▶ _Exercise prompt_
Both the line below containing "O acidente ocorreu" and the line containing "Clean, Safe &", along with every line between them, should be repeated exactly; no other line belongs in the answer.

▶ _Data for analysis_
|---|

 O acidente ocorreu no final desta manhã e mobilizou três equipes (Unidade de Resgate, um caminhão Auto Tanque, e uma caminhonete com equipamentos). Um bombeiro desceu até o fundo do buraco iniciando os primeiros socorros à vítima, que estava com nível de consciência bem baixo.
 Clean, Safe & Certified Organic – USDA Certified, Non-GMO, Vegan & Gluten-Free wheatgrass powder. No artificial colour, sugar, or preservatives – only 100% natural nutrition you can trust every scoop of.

|---|

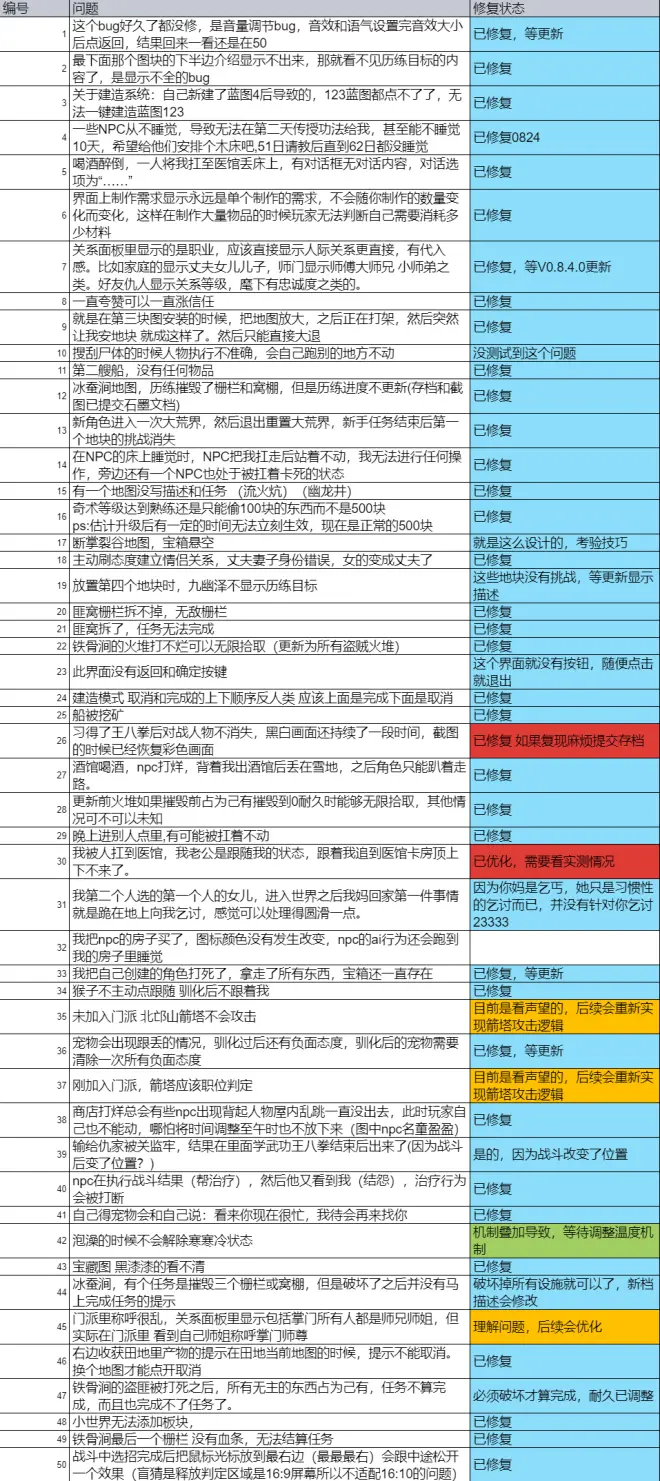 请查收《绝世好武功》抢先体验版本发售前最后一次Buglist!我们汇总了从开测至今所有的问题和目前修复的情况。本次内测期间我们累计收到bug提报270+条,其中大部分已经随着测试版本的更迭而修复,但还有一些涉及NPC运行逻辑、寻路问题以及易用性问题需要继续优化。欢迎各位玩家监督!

|---|

▶ _Reply to the task_
 O acidente ocorreu no final desta manhã e mobilizou três equipes (Unidade de Resgate, um caminhão Auto Tanque, e uma caminhonete com equipamentos). Um bombeiro desceu até o fundo do buraco iniciando os primeiros socorros à vítima, que estava com nível de consciência bem baixo.
 Clean, Safe & Certified Organic – USDA Certified, Non-GMO, Vegan & Gluten-Free wheatgrass powder. No artificial colour, sugar, or preservatives – only 100% natural nutrition you can trust every scoop of.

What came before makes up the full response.